+++ PROVIDED DATA +++

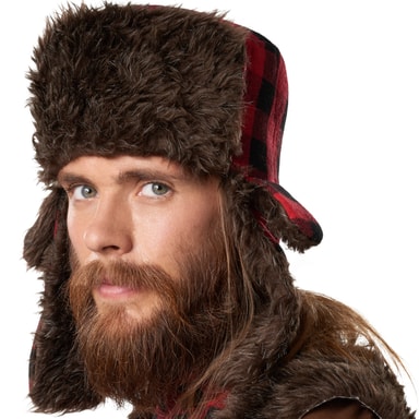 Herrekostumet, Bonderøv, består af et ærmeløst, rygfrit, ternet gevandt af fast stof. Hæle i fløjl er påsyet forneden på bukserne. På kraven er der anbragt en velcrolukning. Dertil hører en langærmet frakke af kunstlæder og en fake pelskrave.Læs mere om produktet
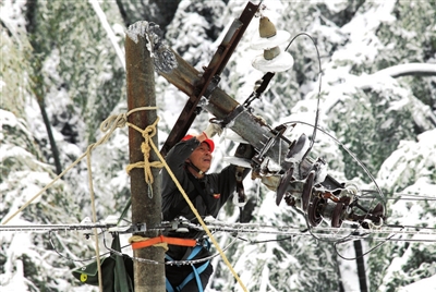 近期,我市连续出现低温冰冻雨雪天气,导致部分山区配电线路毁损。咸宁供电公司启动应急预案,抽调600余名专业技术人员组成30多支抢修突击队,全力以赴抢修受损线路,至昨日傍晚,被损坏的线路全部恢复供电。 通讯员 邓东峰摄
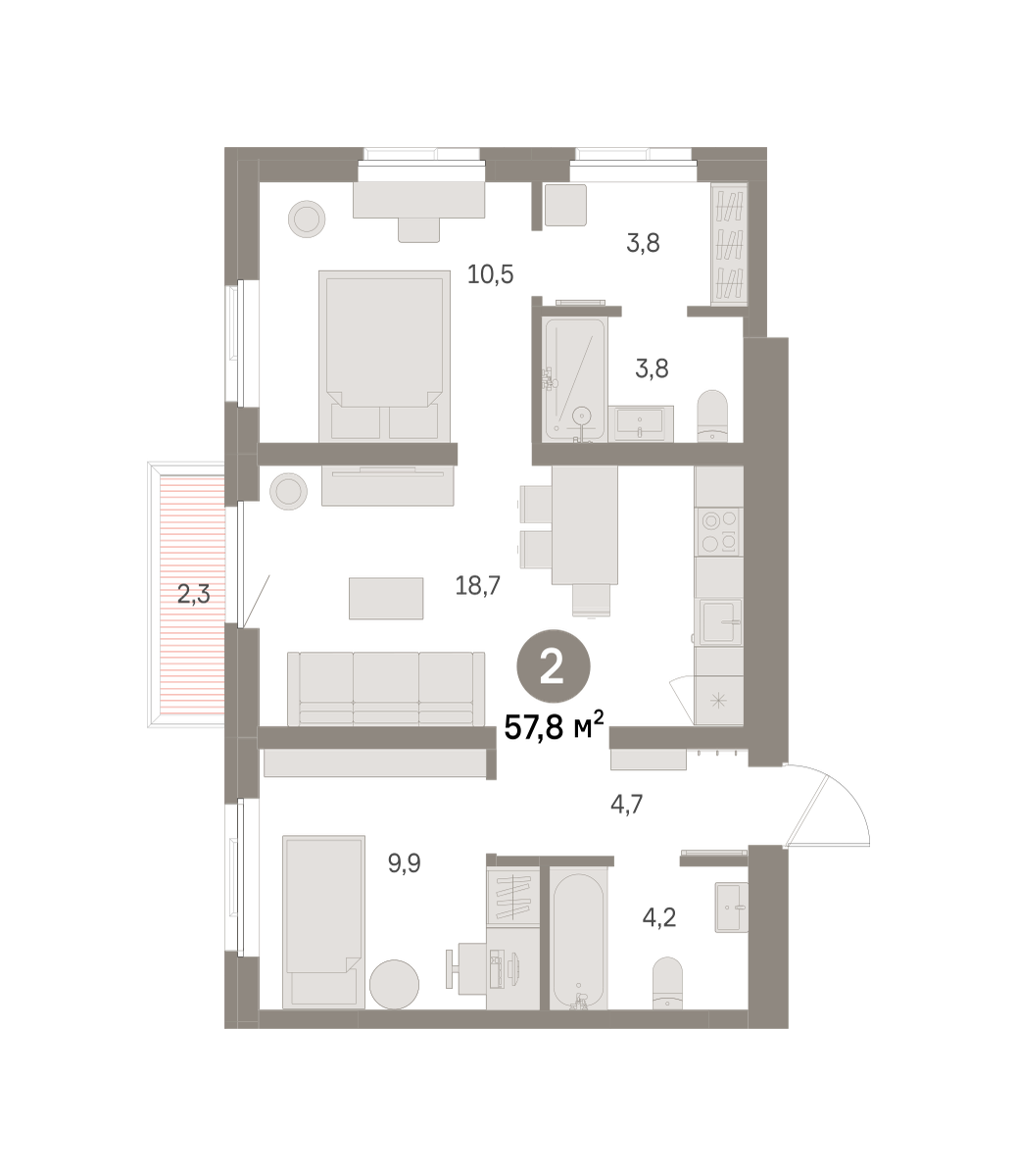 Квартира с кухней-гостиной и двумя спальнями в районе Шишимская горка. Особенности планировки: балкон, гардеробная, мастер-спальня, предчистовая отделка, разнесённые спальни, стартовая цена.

+++

A faithful, word-for-word copy of the data is needed; the pictures should not appear in it.

§ RESPONSE FOR THIS EXERCISE:
 Herrekostumet, Bonderøv, består af et ærmeløst, rygfrit, ternet gevandt af fast stof. Hæle i fløjl er påsyet forneden på bukserne. På kraven er der anbragt en velcrolukning. Dertil hører en langærmet frakke af kunstlæder og en fake pelskrave.Læs mere om produktet
 近期,我市连续出现低温冰冻雨雪天气,导致部分山区配电线路毁损。咸宁供电公司启动应急预案,抽调600余名专业技术人员组成30多支抢修突击队,全力以赴抢修受损线路,至昨日傍晚,被损坏的线路全部恢复供电。 通讯员 邓东峰摄
 Квартира с кухней-гостиной и двумя спальнями в районе Шишимская горка. Особенности планировки: балкон, гардеробная, мастер-спальня, предчистовая отделка, разнесённые спальни, стартовая цена.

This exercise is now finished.